The model is not as neat as the Cold War arrangement between the US and the Soviet Union, or those of European imperial powers in the 19th and early 20th centuries. The US is the most powerful of the three players and would like to maintain its overall primacy. But note that it has officially declared that “The days of the United States propping up the entire world order like Atlas are over” (recall Rubio’s imagery). When these ideas and American actions – or inaction – are brought together, what we get is something like a graded model where the US is fine with other great powers having their own spheres of influence but still sees its own interests as paramount regardless of what it has agreed to for other great powers.

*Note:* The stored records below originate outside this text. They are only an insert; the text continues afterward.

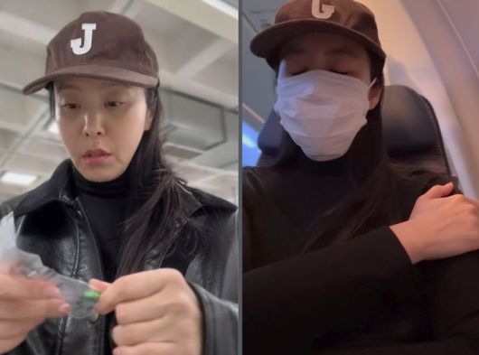 공개된 영상에는 모자를 쓴 박지윤이 약을 먹는 모습과 마스크를 착용한 채 비행기 좌석에 앉아 있는 모습 등이 담겼다.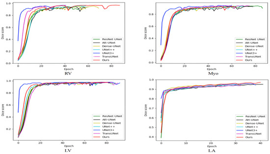 Table 4 compares the average training time of various methods on the ACDC and the 2018 ASC. As shown in Table 4, the number of parameters of our method is not particularly large, but the training time is longer than other methods because our method has more skip connections and is more difficult to train. Medical image segmentation does not require high real-time performance, and our method has a certain improvement in segmentation performance compared with TransUNet. Therefore, our method has certain practicability. Figure 6 shows the variation of the training set dice score with iterations. The ACDC is small and the model is prone to overfitting. Therefore, the training set dice score is not as large as possible, but some fluctuations are better, which can jump out of the local optimum. The 2018 ASC is large and the model is not prone to overfitting. Therefore, the larger the training set dice score, the stronger the model fitting ability and the better the performance. The training set dice score of our model on the ACDC has large fluctuations, indicating that our model has a good ability to jump out of the local optimum. The training set dice score is large on the 2018 ASC, indicating that our model has good fitting performance. On the whole, our model can balance the fitting performance and generalization performance and achieve relatively good comprehensive performance.
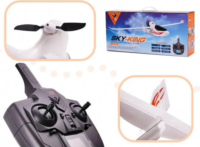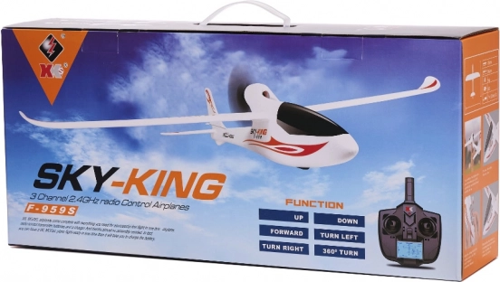 - Letadlo F959S Sky King 3CH RTF, vysílač 2,4 GHz, akumulátor LiPo 7,4 V 300 mAh, nabíječka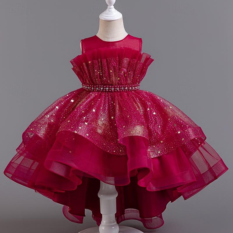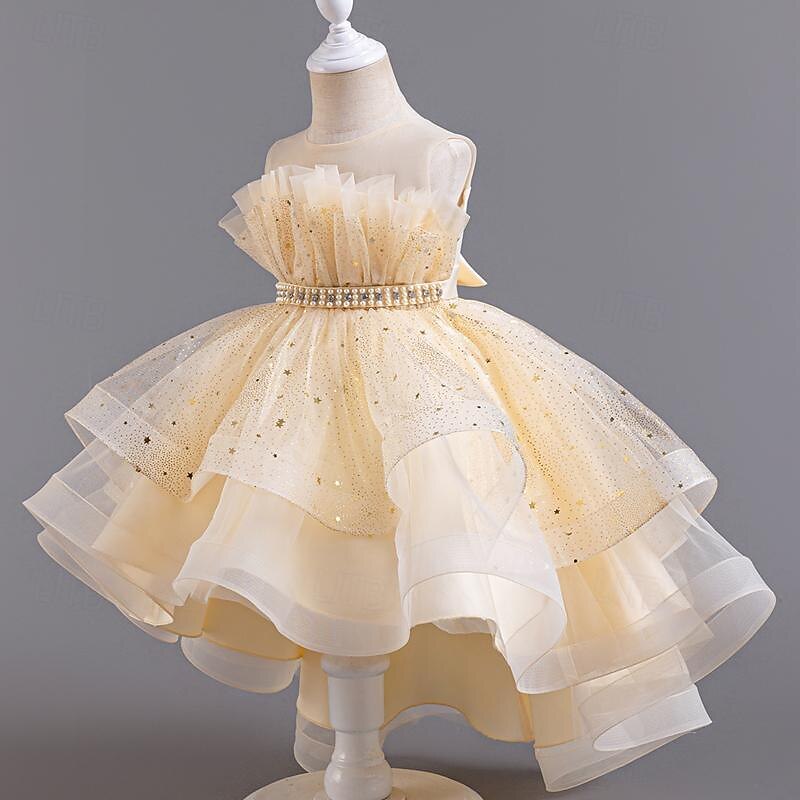 More information about Kids Girls' Flower Girl Dress Party Dress Sequin Sleeveless Wedding Party Special Occasion Sequins Mesh Adorable Sweet Cotton Polyester Asymmetrical Party Dress Summer Spring Fall 4-13 Years White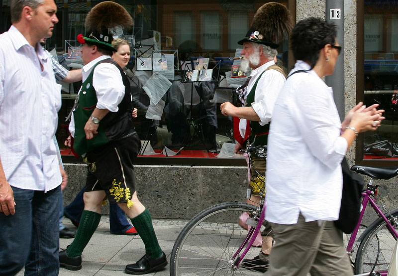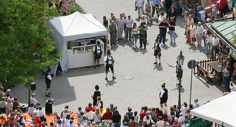 We were high up on the tower and heard what sounded like whips cracking in the distance. I looked down into the crowd and saw the locals in Bavarian costumes cracking whips in unison to the music. Here 4 of them perform. The crowd liked it.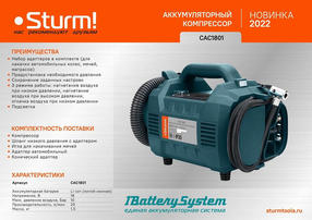 CAC1801 Компрессор аккумуляторный Sturm!, 18В, 1BatterySystem, 10атм, 20л/мин,без АКБ и ЗУ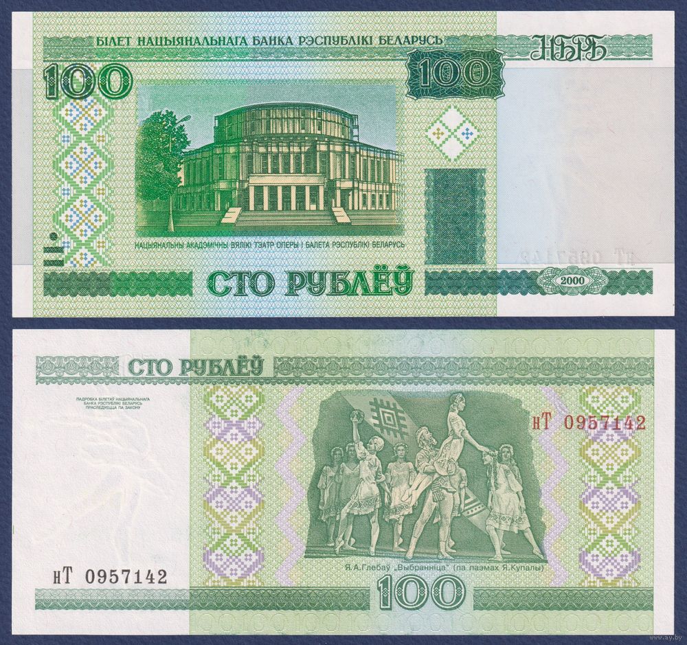 Беларусь, 100 рублей 2000 (2015) г., P-26b (серия нТ), UNC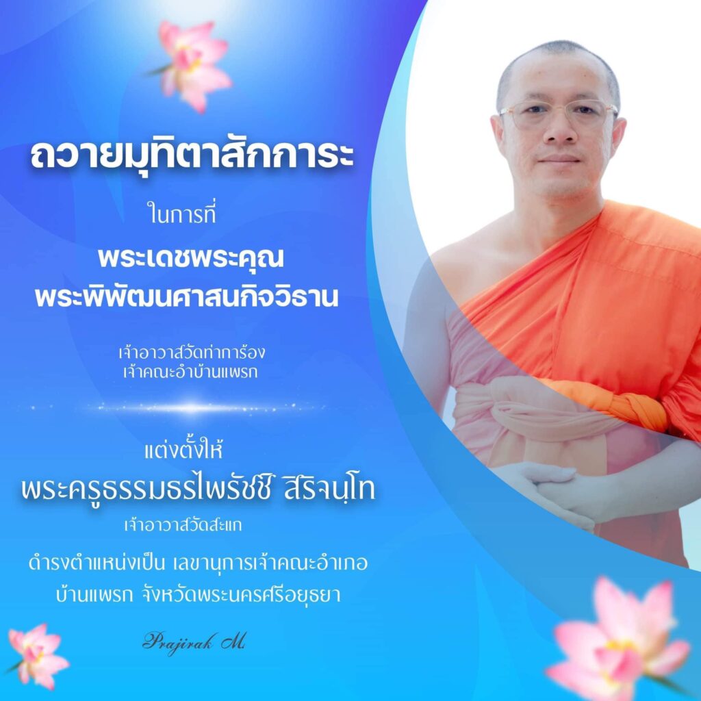 ในการที่ “พระเดชพระคุณพระพิพัฒนศาสนกิจวิธาน” เจ้าอาวาสวัดท่าการ้อง เจ้าคณะอำบ้านแพรก แต่งตั้งให้ “พระครูธรรมธรไพรัชช์ สิริจนฺโท” เจ้าอาวาสวัดสะแก ดำรงตำแหน่งเป็น เลขานุการเจ้าคณะอำเภอบ้านแพรก จังหวัดพระนครศรีอยุธยา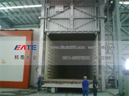 本臺(tái)車(chē)爐由爐體(包括爐襯)、爐門(mén)、爐車(chē)、爐門(mén)起吊機(jī)構(gòu)、爐車(chē)行走機(jī)構(gòu)、加熱元件、溫控系統(tǒng)、溫度記錄等部分組成。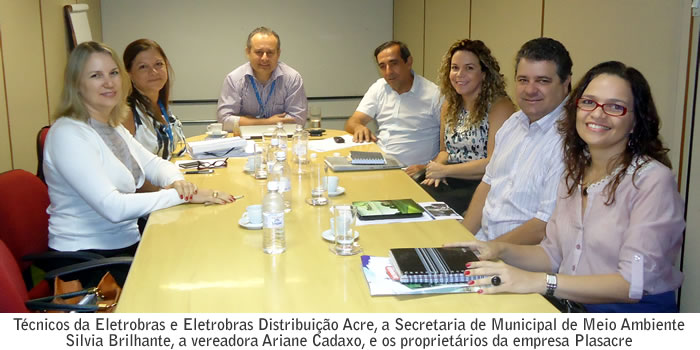 Técnicos da Eletrobras e Eletrobras Distribuição Acre, a Secretaria de Municipal de Meio Ambiente Silvia Brilhante, a vereadora Ariane Cadaxo, e os proprietários da empresa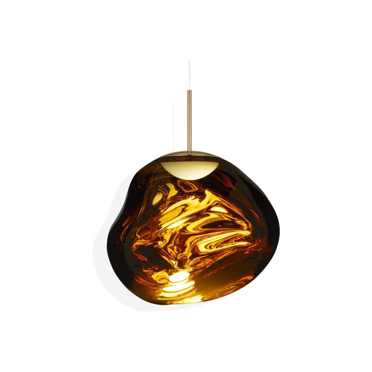 Melt is a beautifully distorted pendant light in a modern finish. Emitting an attractive, mildly hallucinogenic light, this Tom Dixon ceiling light creates a mesmerizing melting hot-blown glass effect when on and a mirror-finish effect when off. Made in Germany using a high tech manufacturing technique to achieve the perfect melted orb.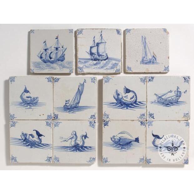 17th/ 18th /19th century Dutch Delft Antique tiles showcase. These tiles are not for sale.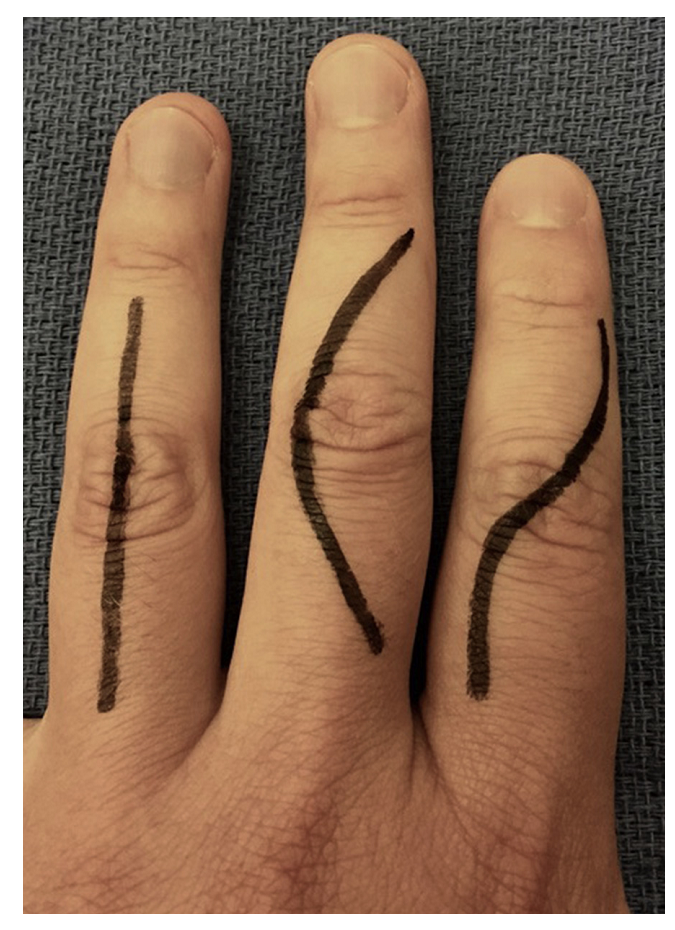 掌侧入路:用于关节置换、掌板修复、骨折内固定等手术,包括Bruner入路、Bruner-外侧混合入路、Z字切口入路(见下图)。与Bruner入路相比,后两个入路显露范围更大一些。

This model may produce stability in relations amongst great powers, but whether it would produce global strategic stability is unclear. It could make certain regions of the world more unstable and crisis-stricken as great powers and/or their regional allies go unchecked, as is currently the case in West Asia.
The second model is of a radically new rules-based international order, perhaps an approach that New Delhi would prefer. It must retain and reform key global institutions, especially the extended UN system. It must address the representation deficit by giving non-Western states their fair share in global governance, and it must have a buy-in of the great powers.
The absence of this last element is one reason why Carney’s proposal of a new rules-based international order led by the middle powers is unlikely to succeed. And to speak of a new order along these lines when we may not have seen the end of the destruction of the old order is premature. The rubble, after all, is still falling.
Atul Mishra is an Associate Professor and Head at the Department of International Relations and Governance Studies, Shiv Nadar University, Delhi-NCR.